▸ Task description: With images excluded, write out each entry below exactly as given.

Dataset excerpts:

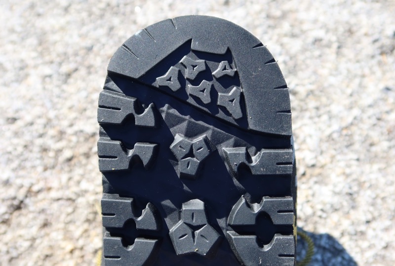 つま先のラグのパターンは平面的で、岩場では細かな凹凸をとらえやすい。
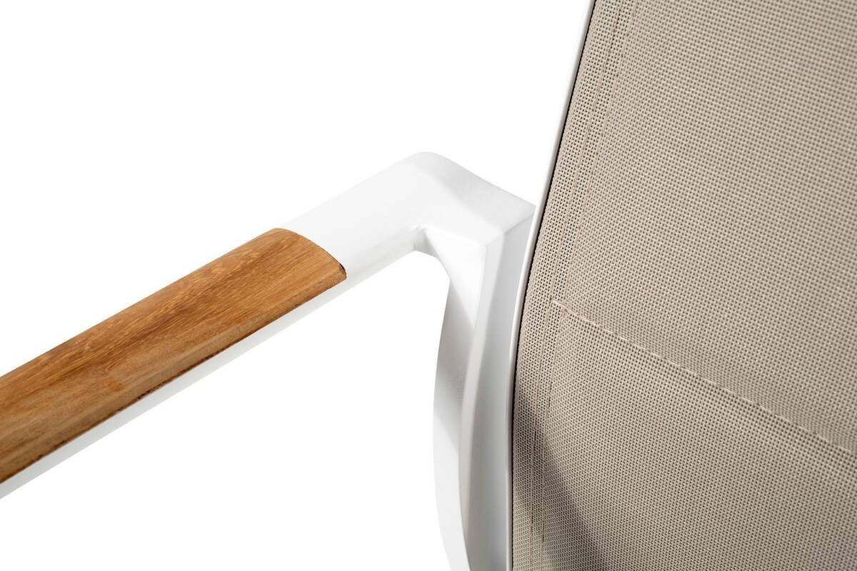 Lineas simples para un comedor de exterior. Fabricada con aluminio en color blanco con un ligeros toques naturales en sus reposabrazos de madera de teca. Dispone de un asiento y respaldo en textilene color gris taupe que contrasta con el color blanco de su estructura.
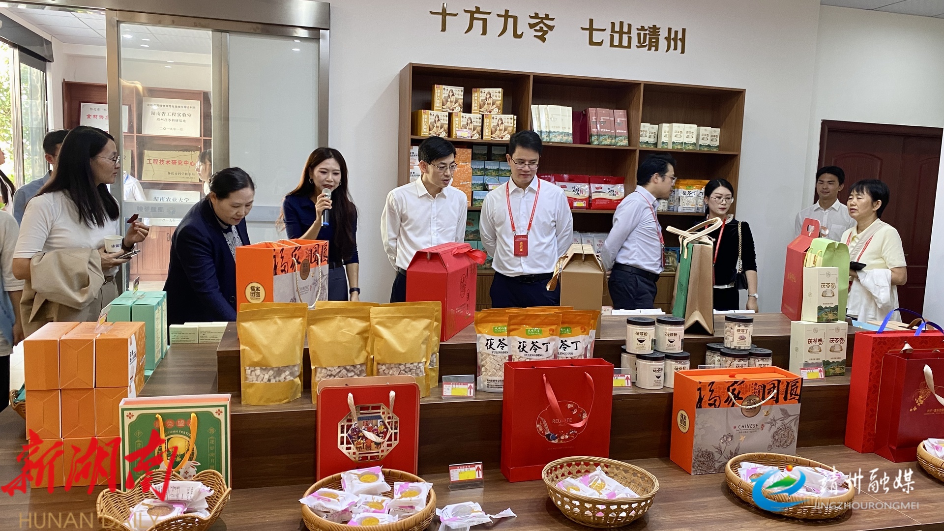 “院士专家怀化行走进靖州”调研考察团队正在参观茯苓加工贸易中心(张秦 摄)
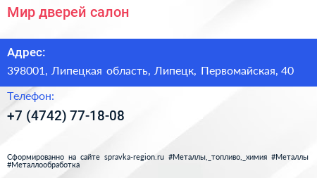 Мир дверей, салон по адресу 398001, Липецкая область, Липецк, Первомайская, 40 в дальнейшем Организация, размещена в следующих категориях:
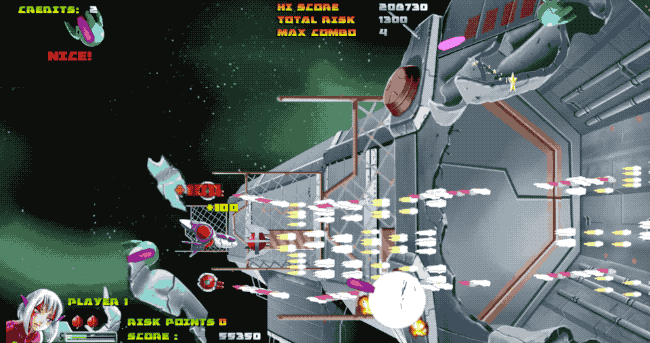 Add-On power-ups add turrets either side of your ship which you can aim with the LT and RT buttons. The Shield power-up is an R-Type-esque pod that attaches to the front of your ship. It protects you from incoming forward fire and you can jettison it for a powerful attack (this destroys the shield pod but it usually doesn’t take long to pick another one up again). Weapon Power-Ups upgrade your firepower and Risk Stars float around in risky areas of the screen, granting you risk points if you manage to collect them.

▸ Solution:
 つま先のラグのパターンは平面的で、岩場では細かな凹凸をとらえやすい。
 Lineas simples para un comedor de exterior. Fabricada con aluminio en color blanco con un ligeros toques naturales en sus reposabrazos de madera de teca. Dispone de un asiento y respaldo en textilene color gris taupe que contrasta con el color blanco de su estructura.
 “院士专家怀化行走进靖州”调研考察团队正在参观茯苓加工贸易中心(张秦 摄)
 Мир дверей, салон по адресу 398001, Липецкая область, Липецк, Первомайская, 40 в дальнейшем Организация, размещена в следующих категориях:
 Add-On power-ups add turrets either side of your ship which you can aim with the LT and RT buttons. The Shield power-up is an R-Type-esque pod that attaches to the front of your ship. It protects you from incoming forward fire and you can jettison it for a powerful attack (this destroys the shield pod but it usually doesn’t take long to pick another one up again). Weapon Power-Ups upgrade your firepower and Risk Stars float around in risky areas of the screen, granting you risk points if you manage to collect them.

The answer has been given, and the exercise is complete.